The first proof of the origin of malignant rhabdoid tumour (MRT), a rare childhood cancer, has been discovered by researchers at the Wellcome Sanger Institute, the Princess Máxima Center for Pediatric Oncology in the Netherlands, and their collaborators.
The study, published today in Nature Communications, found that MRT arises from developmental cells in the neural crest whose maturation is blocked by a genetic defect. The team also identified two drugs that could be used to overcome this block and resume normal development, bringing hope of new treatments for the disease.
Malignant rhabdoid tumour (MRT) is a rare soft tissue cancer that predominantly affects infants. Although these tumours may arise in any part of the body, they usually form in the kidney and the brain. MRT is one of the childhood cancers with the poorest outcomes.

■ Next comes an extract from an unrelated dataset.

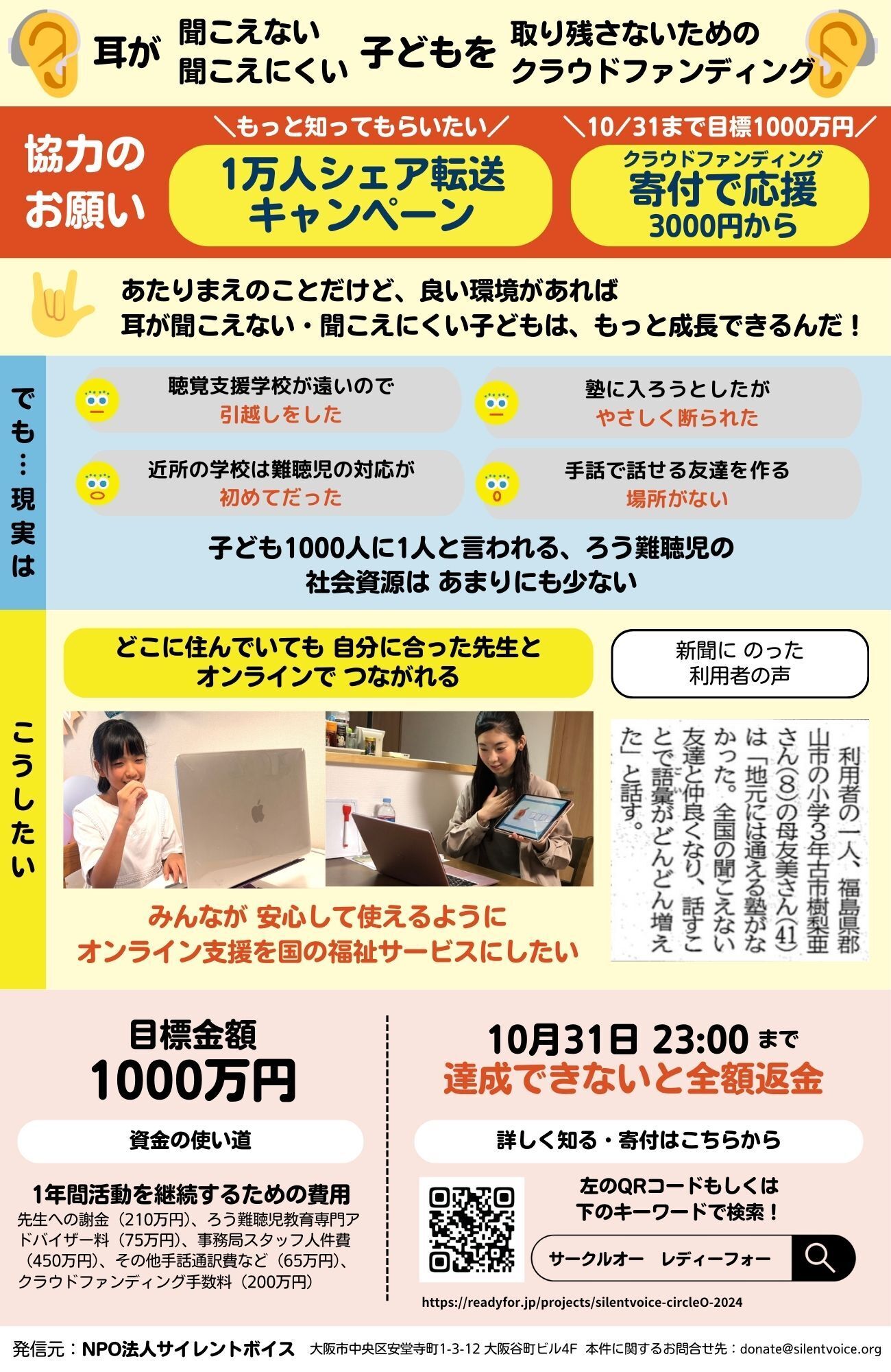 サイレントボイスは、耳が聞こえない・聞こえにくい子ども(ろう難聴児に)への教育事業を大阪府で拠点型、そして全国を身近に支援環境のないろう難聴児対象にオンライン型で、展開しています。そのサイレントボイスが、オンライン教育事業「サークルオー」の事業継続と制度化に向けた活動費を募る、クラウドファンディングに10月31日まで挑戦しています。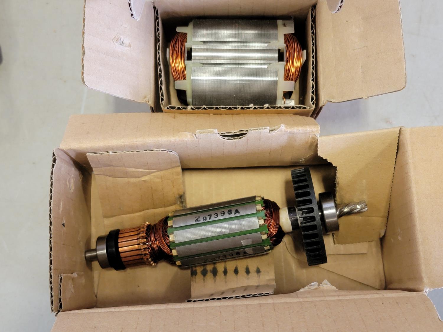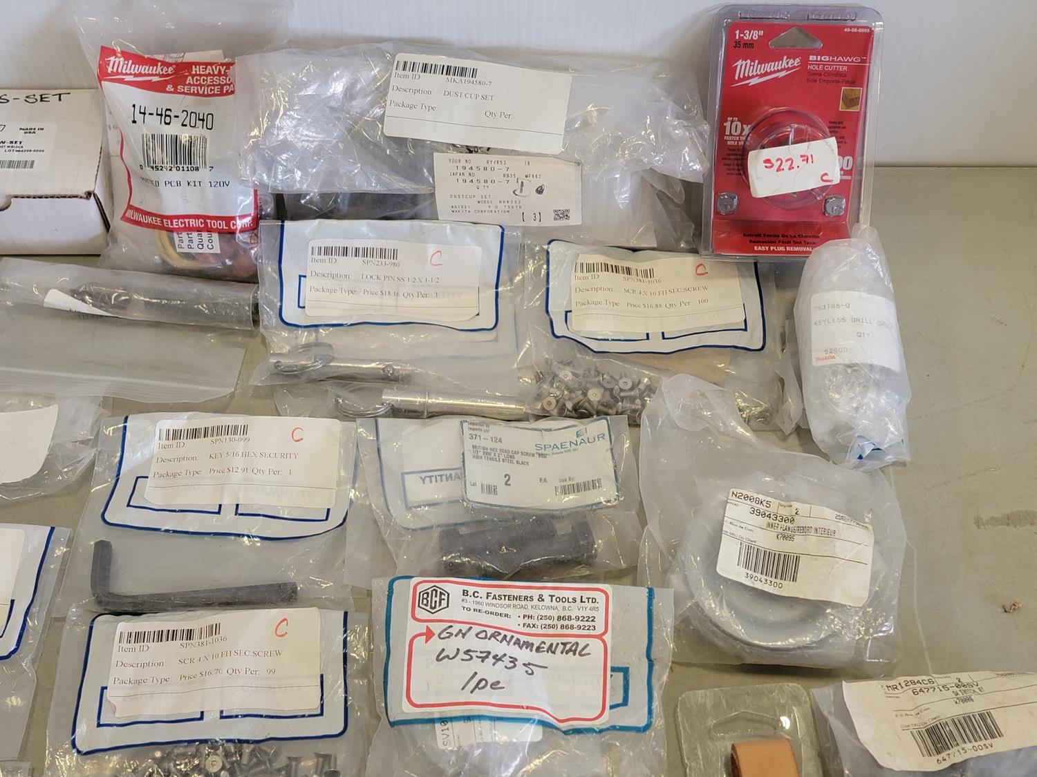 Armature set, shop dispenser, potted pieceb kit, lock pins, dust caps, 1-3/8 inch hole saw, keyless drill chuck, switches, hex keys, spanner hand screwdriver, blade fastener, ball bearing, brush assembly

The rarity of MRT, with only 4-5 cases per year in the UK, combined with its aggressiveness, make clinical trials extremely difficult. Until now, the origin of MRT has not been known and no reliably effective treatment currently exists. This new study sought to discover the root of MRT in the hope of identifying new treatments for the disease.
For this study, two cases of MRT were whole genome sequenced at the Wellcome Sanger Institute, alongside corresponding normal tissues. The researchers then conducted phylogenetic analyses of the somatic mutations in the diseased and healthy tissue, in order to ‘reconstruct’ the timeline of normal and abnormal development.
The analyses confirmed that MRT develops from progenitor cells on their way to becoming Schwann cells, a cell type found in the neural crest, due to a mutation in the SMARCB1 gene. This mutation blocks the normal development of these cells, which can then go on to form MRT.
Researchers at the Princess Máxima Center for Pediatric Oncology then inserted the intact SMARCB1 gene into patient-derived MRT organoids, artificial tumours grown in the laboratory from the patients’ original tumours, to successfully overcome the maturation block that had prevented normal development and led to cancer. Based on single-cell mRNA analyses and predictions made from these experiments, the researchers then identified two existing medicines that overcome the maturation block and could thus be used to treat children with MRT.
Dr Jarno Drost, co-lead author of the study from the Princess Máxima Center for Pediatric Oncology, said: “To be able to identify where malignant rhabdoid tumour (MRT) comes from for the first time is an important step in being able to treat this disease, but to confirm that it is possible to overcome the genetic flaw that can cause these tumours is incredibly exciting. The fact that two drugs already exist that we think can be used to treat the disease gives us hope that we can improve outcomes for children diagnosed with MRT.”
Professor Richard Grundy, Chair of the Children’s Cancer and Leukaemia Group, said: “It is fantastic to see this collaborative research bearing highly translatable outcomes in a childhood cancer with a currently poor prognosis. It emphasises the significant benefit of a National Tumour banking system, that allows collection of rarer tumours and in turn, the best use of such precious tissue through agreement of the CCLG Biological Studies committee that oversees this resource. For this to result in such a meaningful outcome gives new hope to children with malignant rhabdoid tumour (MRT).”
MRT remains a cancer with very poor outcomes for which few new treatments are on the horizon. This study harnesses cutting edge quantitative and experimental methods, to identify a potential new treatment for MRT.
Dr Sam Behjati, co-lead author of the study from the Wellcome Sanger Institute, said: “We began our enquiry into the origins of malignant rhabdoid tumours in late 2019, so we have gone from hypothesis to discovery of origin to possible treatments for the disease in just over a year. This was possible due to all the leading-edge tools available to us, from organoid technology to single-cell mRNA sequencing to drug screen databases. I hope this study will serve as the blueprint for discovering the origin of other childhood cancers and, ultimately, lead to better outcomes for children affected by these awful diseases.”